■ How to complete this task
Drop the images, then output the listing exactly.

■ Material provided
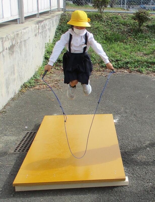 本日(11/2)昼休みに、縄跳びジャンプ台をお披露目しました。これは、ベニヤ板と角材でできています。少しの力で高くジャンプすることができます。
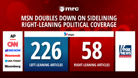 In response to MSN’s shenanigans, MRC Free Speech America Director Michael Morris said, “MSN’s anti-conservative bias is hiding in plain sight. It feigns balance by throwing in some articles from right-leaning outlets here and there, but the digital news gatekeeper still promoted nearly three times more left-leaning articles than right. It's time for digital news gatekeepers to commit to fair representation.”
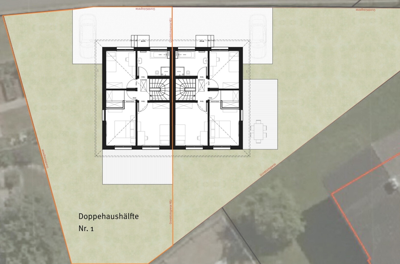 Pläne für ein gut geschnittenes Doppelhaus vorhanden

■ Answer to this exercise
 本日(11/2)昼休みに、縄跳びジャンプ台をお披露目しました。これは、ベニヤ板と角材でできています。少しの力で高くジャンプすることができます。
 In response to MSN’s shenanigans, MRC Free Speech America Director Michael Morris said, “MSN’s anti-conservative bias is hiding in plain sight. It feigns balance by throwing in some articles from right-leaning outlets here and there, but the digital news gatekeeper still promoted nearly three times more left-leaning articles than right. It's time for digital news gatekeepers to commit to fair representation.”
 Pläne für ein gut geschnittenes Doppelhaus vorhanden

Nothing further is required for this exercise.